June to July – research and data collection

August – analyze

September – report findings, share recommendations, and action plans

C4BHI will use a mixed-method mental health needs assessment approach with surveys, qualitative interviews, and focus groups. In addition, they’ll use secondary data from local, state, and national data sources.

Your privacy and the privacy of your consumers is important to us. 

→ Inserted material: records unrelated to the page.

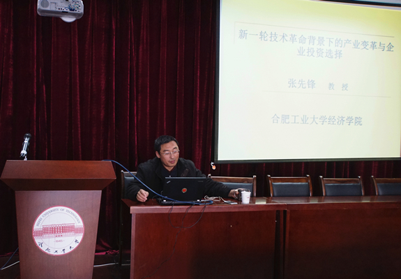2015年12月6日下午2点,“构建区域金融体系,服务经济持续发展”高研班第六场报告在yL23411永利官网登录新区建艺馆703室举行,合工大yL23411永利官网登录张先锋教授为大家做了题为“新一轮技术革命背景下产业变革与企业投融资选择”的精彩演讲。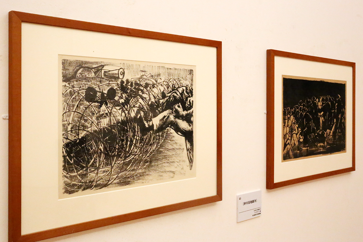 (左から)新海覚雄[砂川基地闘争]1958年 東京都現代美術館蔵 / 新海覚雄[砂川基地闘争]1958年 東京都現代美術館蔵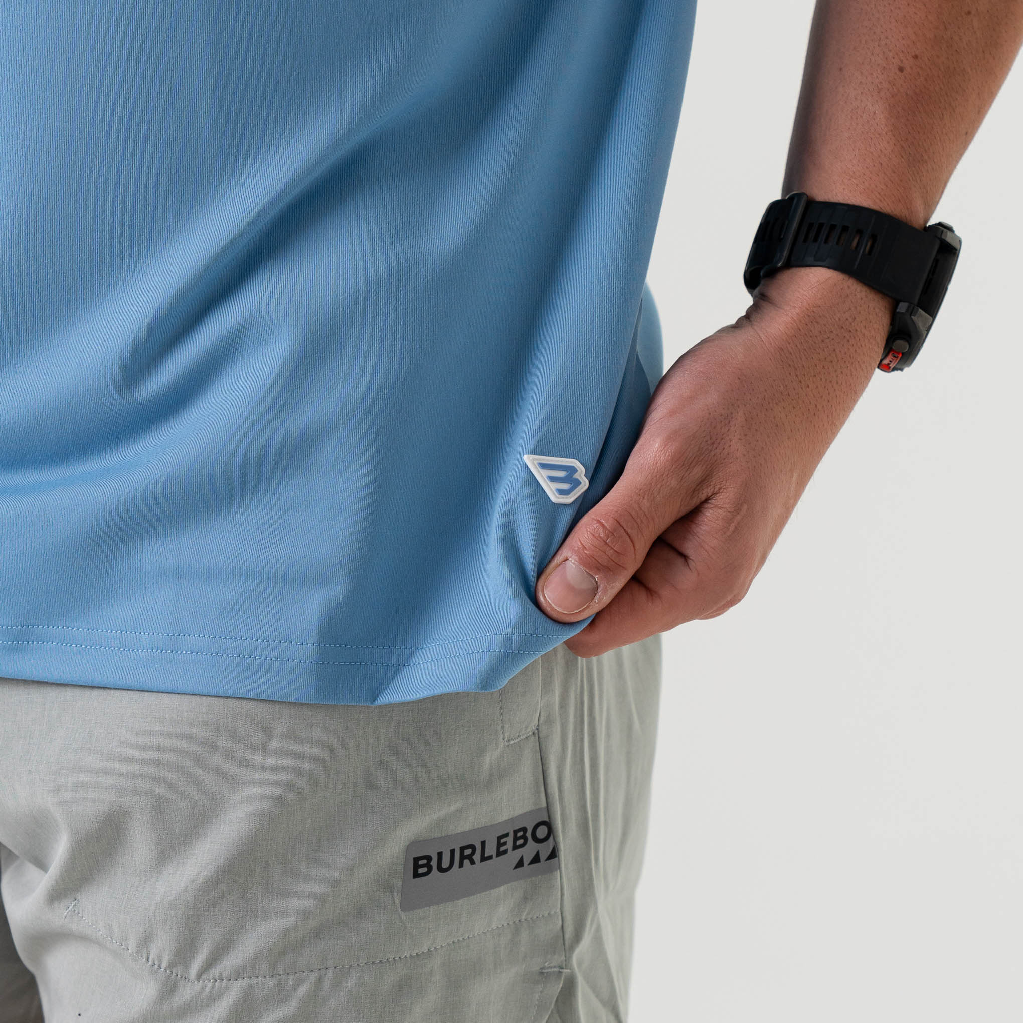 - Lightweight performance fabric is quick-drying and moisture-wicking
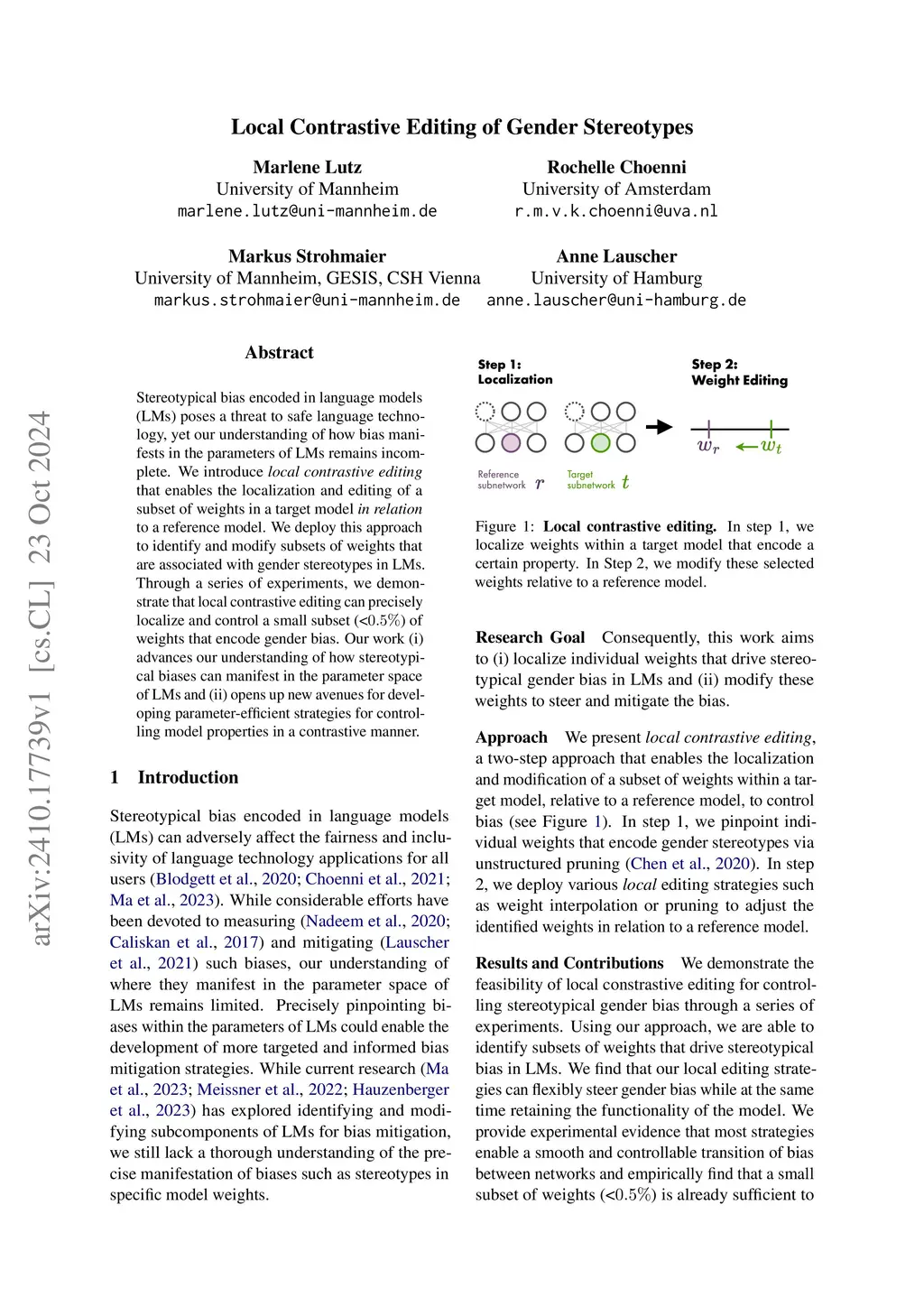 Stereotypical bias encoded in language models (LMs) poses a threat to safe language technology, yet our understanding of how bias manifests in the parameters of LMs remains incomplete. We introduce local contrastive editing that enables the localization and editing of a subset of weights in a target model in relation to a reference model. We deploy this approach to identify and modify subsets of weights that are associated with gender stereotypes in LMs. Through a series of experiments, we demonstrate that local contrastive editing can precisely localize and control a small subset (< 0.5%) of weights that encode gender bias. Our work (i) advances our understanding of how stereotypical biases can manifest in the parameter space of LMs and (ii) opens up new avenues for developing parameter-efficient strategies for controlling model properties in a contrastive manner.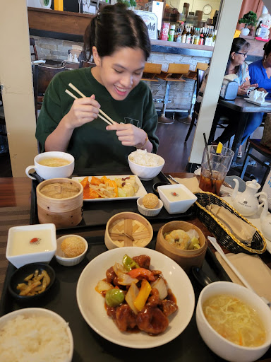 I immediately liked the stylish interior and furnishings. We ordered their lunch set, it includes the main dish, 2 dim sum, 2 desserts, soup, and a bowl of rice. It was a delicious set and satisfied my appetite! We also tried their different dim sum sets, I liked their pork shu Mai and sesame seed balls with red bean filling. The wait staff were friendly and attentive. Overall lunch was enjoyable! For dinner, the menu was ala carte. Rice is a separate item, so each person a bowl of rice is charged. Their meat selection is beef, pork, duck, seafood (shrimp, lobster). No chicken. My son ordered sweet & sour pork; he didn't like it because the pork was fried too crispy/crunchy, and the sauce had a strong vinegar taste. I enjoyed the fresh lobster in black bean sauce. Although the lobster was small delicious. As always the dumplings...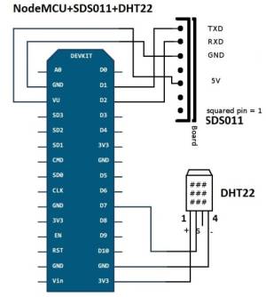 Voici le schéma de montage qui montre le dos du NodeMcu ,le dos du SDS011 et la face du DHT22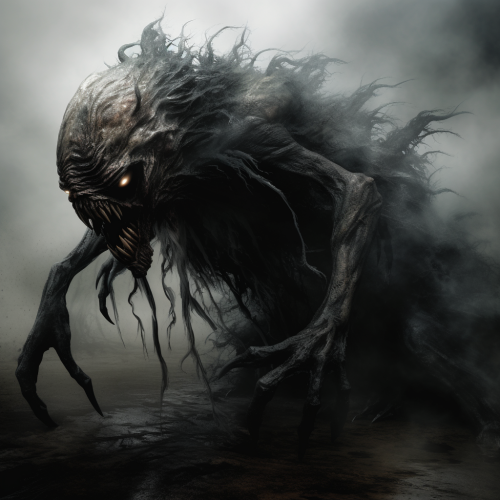 Demons over an horrific afro maerican neighborhood, gloomy lights, spooky atmosphere, terrifying psychedelic dmt hallucinations, lucid nightmare visions, Hell unleashed over Queensbridge, --v 5.2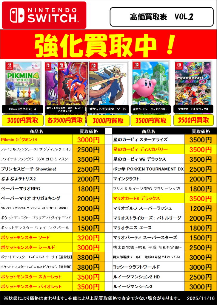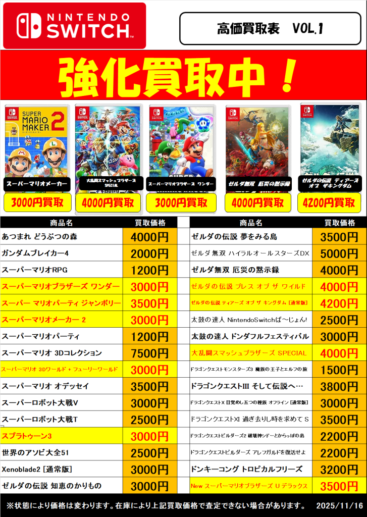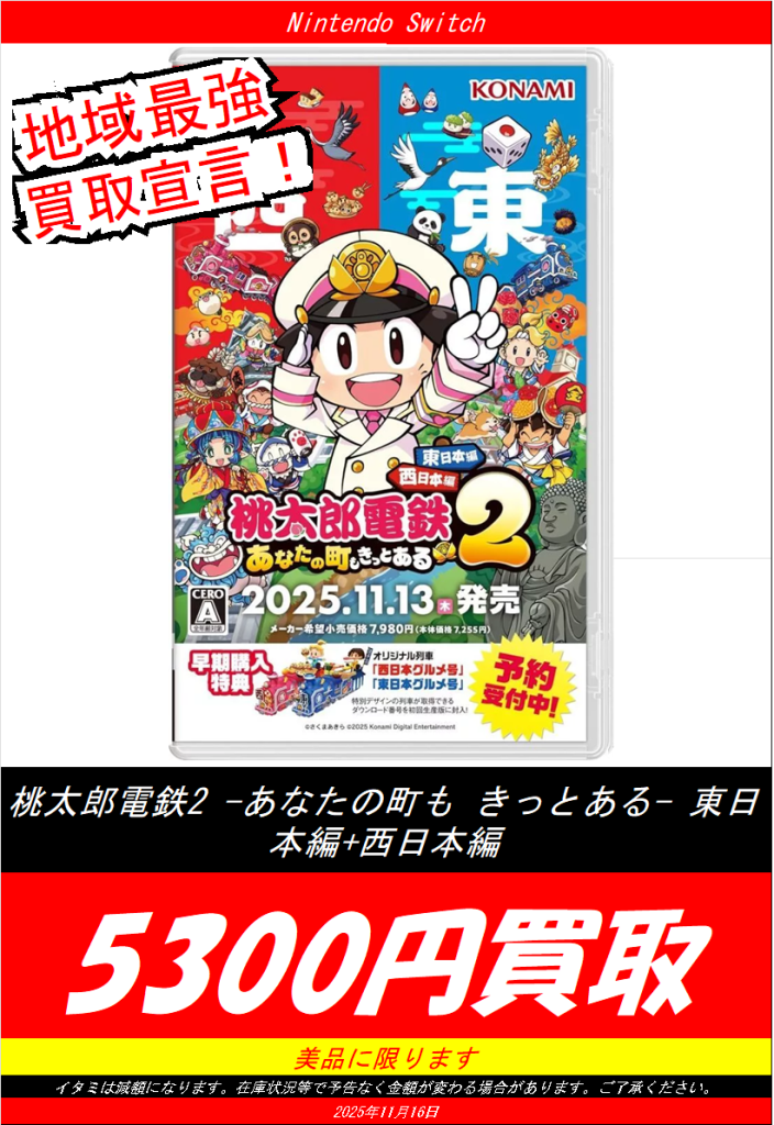 switchソフト買取表追加しました! 2025年11月16日 恵那店 admin_booktown ★新作の桃鉄買取大募集です★ もちろん定番タイトルも併せて買取大募集してます!! 遊び終わったソフト、是非お持ち込みください!!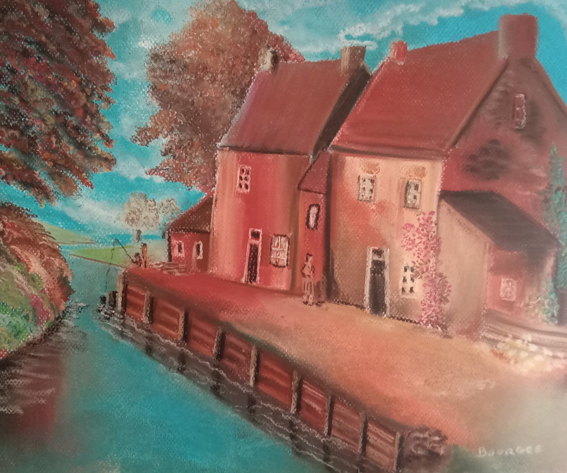 Maison réaliser au pastel sec, sur feuille mi-teinte A3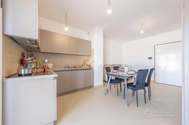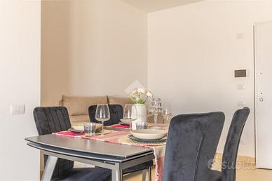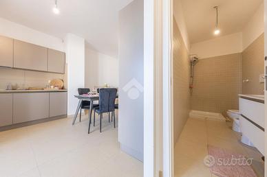 L'ingresso svela un luminoso salone, abbracciato dall'angolo cottura che invita a condividere piacevoli momenti conviviali e culinari mentre le finestre ampie permettono alla luce naturale di permeare gli spazi.

All surveys will be collected using a secure platform that complies with the federal law restricting release of medical information (HIPAA). Provider and leadership surveys will be de-identified and reported in aggregate. Consumer surveys will be anonymous, with no identifying information collected.

For focus groups and interviews, we will not use names or identities in any of our reports. Only combined results from everyone we talk to will be presented.

We want to ensure we give credit to your company or organization for participating in this project. We will use company or organization names (not individuals’ names) only. If you prefer we do not acknowledge your company’s or organization’s participation, please let us know.

The data will be used in aggregate. All data will be analyzed to identify the mental health needs and challenges of the consumers. The data will inform the strengths and weaknesses of mental health services. An action plan to address the needs identified will be prepared and presented to the community. 

The reports and action plans developed for this work will focus on recommended improvements for the mental health system overall, not for any individual provider, program, or service. Your contributions will help us determine the needs and gaps in services so the more information we can gather from you the more specific and actionable our recommendations will be.

This project has been a wish list item for us for many years. Our region’s county health and human services directors have also wanted a formal mental health needs assessment for quite some time and have attempted to review gaps in our mental health services for several years with varying degrees of success. We want to understand the current state of our region to help drive strategic planning.

If you’re a mental health provider or key community partner in Aitkin, Cass, Crow Wing, Morrison, Todd, Wadena county, or the Leech Lake Band and Mille Lacs Band of Ojibwe Tribal Nations, you’re a good fit for this project. Complete our form and Cathleen Scully, our project coordinator, from C4BHI will connect with you.

A community partner organization includes (but is not limited to): school, place of worship, food bank, shelter, senior center, family or youth center, transportation entity, law enforcement, emergency response team, or similar organization.

We also want to hear from people who live in the region. If you, or someone in your care, such as a child or vulnerable adult, have received mental health services in the last 12 months, we’d like you to complete a 10-minute survey. Please complete our form. In both the Title and Organization field, write: Consumer. Cathleen Scully, our project coordinator, from C4BHI will connect with you.

It depends. The first step for everyone is an online survey, which will take 10 minutes. If you’re a leader at a mental health organization or community partner organization, we may ask to interview you one-on-one, which will take up to 60 minutes.

We’d also like to interview some of your direct-services staff as part of our community focus groups. Those sessions take around 60 minutes. We can also use your help connecting with consumers so we can conduct focus groups and interviews with them. Their perspective is critical to this work and your existing relationships with the people you serve will help us a great deal in hearing from them.

The questions will assess current services and identify areas of need to best serve community members.

We pulled together a team of mental health experts within our region and across different counties to assist us in guiding the work the Center of Behavioral Health Integration will do. The members are social services supervisors, probation personnel, regional ombudsman, law enforcement, mental health providers, and Sourcewell regional staff.